Steve Kinder

Current position
- Title: Assistant coach
- Team: Hawaii–Hilo Vulcans
- Conference: PacWest

Biographical details
- Born: c. 1963

Playing career
- 1981–1983: MiraCosta
- 1983–1985: Cal Poly Humboldt

Coaching career (HC unless noted)
- 1985–1988: Cal Poly Humboldt (GA)
- 1988–1990: Oceanside HS
- 1990–2010: Cal Poly Humboldt (assistant)
- 2010–2020: Cal Poly Humboldt
- 2020–present: Hawaii–Hilo (assistant)

Head coaching record
- Overall: 161–128 (.557)
- Tournaments: 0–3 (NCAA Division II)

Accomplishments and honors

Championships
- CCAA regular season (2011); 2× CCAA tournament (2012, 2016);

Awards
- Clarence Gaines Award (2011); CCAA Coach of the Year (2011);

= Steve Kinder =

American college basketball coach

Steve Kinder (born c. 1963) is a former head basketball coach of the California State Polytechnic University, Humboldt (HSU) Lumberjacks. As of 2026–27 he is he an assistant coach for Hawaii–Hilo Vulcans men's basketball program.

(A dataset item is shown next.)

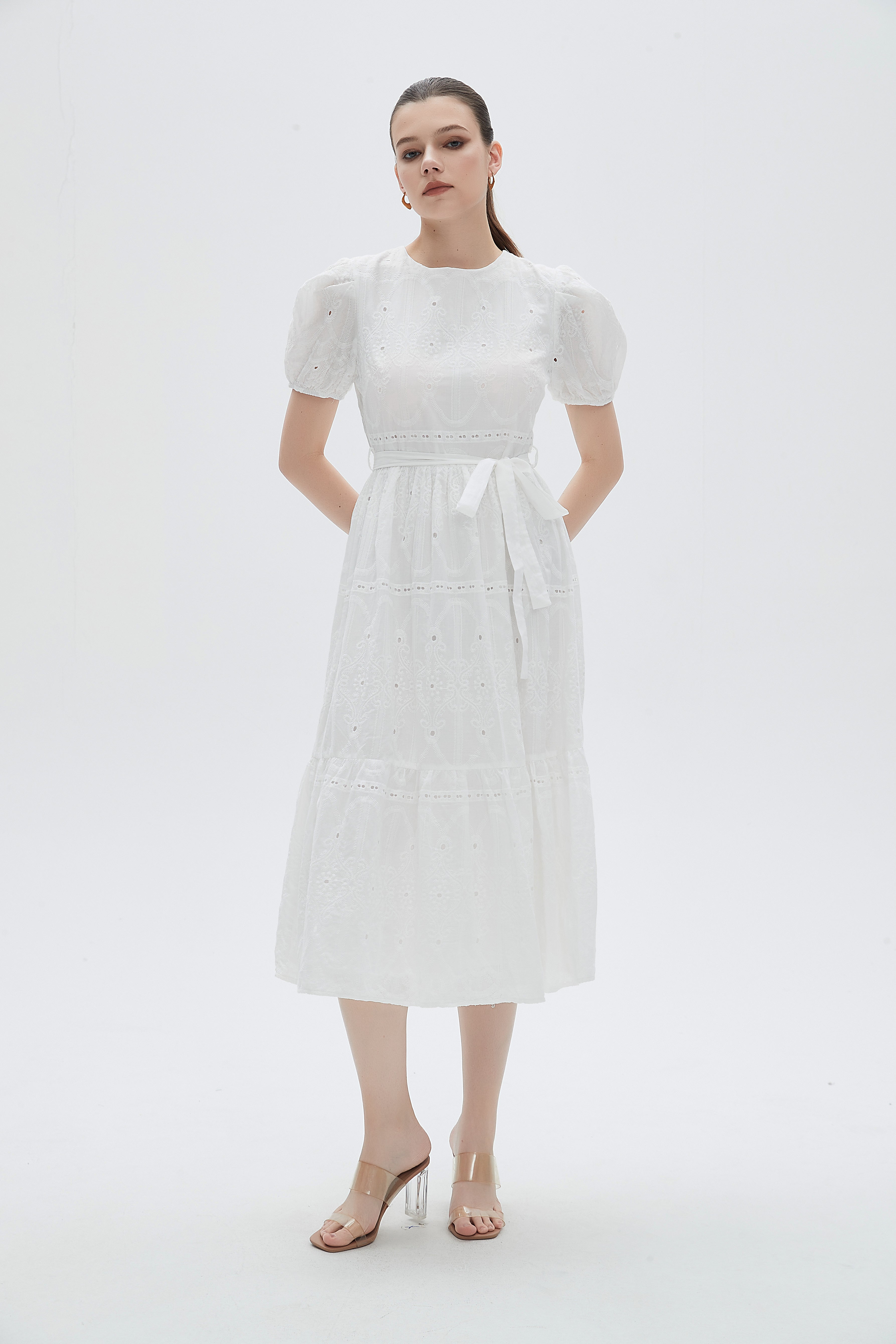 فستان ميدي نصف كم سادة برباط على الخصر
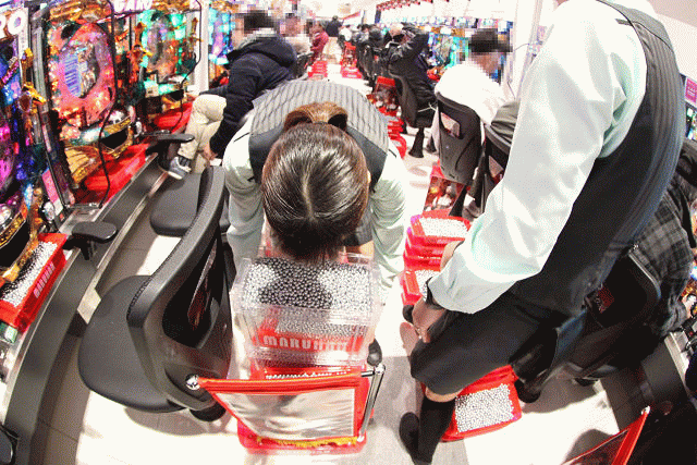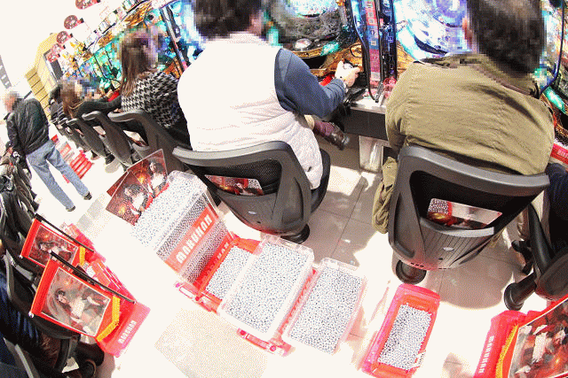 と、開店直後なのにいきなり『CR牙狼魔戒ノ花』で、「パーフェクト牙狼フェイス」がいきり立つ!『CR海物語』シリーズでは、半魚人張りに海水につかりっぱなしのマリンちゃんが水槽内を縦横無尽に泳ぎまくる!

During his prep school days, Kinder attended Escondido High School in Escondido, California. As a collegiate student-athlete, Kinder won a Pacific Coast Athletic Conference basketball championship at MiraCosta College and reached the California State Final Four championship game. Kinder was named "Athlete of the Year" at MCC, 1983. Kinder then earned a B.S. in physical education from HSU in 1985 when he also played for the basketball team that won the California Collegiate Athletic Association (CCAA) that year. He received an M.A. from Humboldt in 1988. Kinder also competed in track and field at HSU. He qualified for the NCAA Track and Field Championships with a throw of 223'10" that was a record second-best in school history. He was the Pacific Coast Athletic Conference javelin champion and finished third at the CCAA track and field championships.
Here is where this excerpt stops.